Intermediate Task: Enhancing Face Detection with CNNs

Objective

Utilize a CNN (like a pre-trained model from TensorFlow Keras (easy) or PyTorch (recommended to learn)) for more robust face detection in varied lighting, backgrounds, and face orientations.

Tasks

  1. Setup: Choose and set up a deep learning framework (TensorFlow or PyTorch):
conda create --name beatrix_pyt_dev python=3.9
conda activate beatrix_pyt_dev
conda install pytorch torchvision torchaudio -c pytorch
conda install argparse pyserial opencv
Code snippet
  1. Face Detection with CNN: Implement face detection using a pre-trained CNN model such as MTCNN (Multi-task Cascaded Convolutional Networks) or a similar architecture. Test the model’s performance on a wider range of images, including those with complex backgrounds and varying lighting conditions.
  2. Robot Control (Intermediate): Develop a more sophisticated control system where the robot’s movement is based on the position of the detected face in the image frame. Add some PID Control to the movement to smooth out the motion.

Challenges

While CNNs offer improved accuracy, they require more computational resources. Handling real-time video streams for face detection and processing could introduce latency.

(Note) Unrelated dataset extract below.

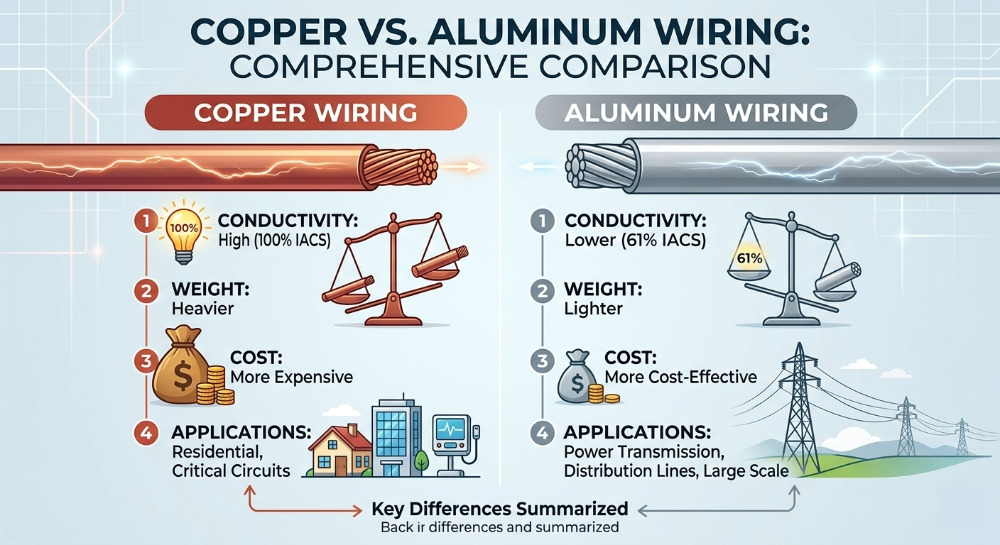 يعتمد قرار الأسلاك النحاسية مقابل أسلاك الألمنيوم على أهداف مشروعك. اختر النحاس عندما يكون الأداء والحجم الصغير والموثوقية طويلة المدى هي الأكثر أهمية. اختر الألومنيوم عندما يكون الوزن الأقل وتكلفة المواد المنخفضة هي الأولوية، وتأكد من أن التثبيت يستخدم الموصلات الصحيحة والأجهزة المتوافقة مع التعليمات البرمجية.

Advanced Task: Advanced Robot Control Based on Face Detection and Additional Features

Objective

Combine face detection with additional features (like facial expressions or the number of faces) using a CNN to control the robot’s movement in a complex manner.

Tasks

  1. Advanced Face Detection: Implement advanced face detection that not only identifies the presence and position of faces but can handle and identify multiple faces using a CNN.
  2. Robot Control (Advanced): Create an advanced control system where the robot’s actions are determined by complex inputs, such as moving towards the happiest face in the group, following a person as they move, or changing its behaviour based on the number of faces detected.
  3. Integration and Testing: Integrate the face detection system with BEATRIX’s control mechanism, ensuring smooth operation. Test the system in a dynamic environment, simulating real-world conditions as closely as possible.

Challenges

This level requires dealing with real-time data processing and decision-making, managing computational demands, and ensuring the robot’s movements are smooth and responsive.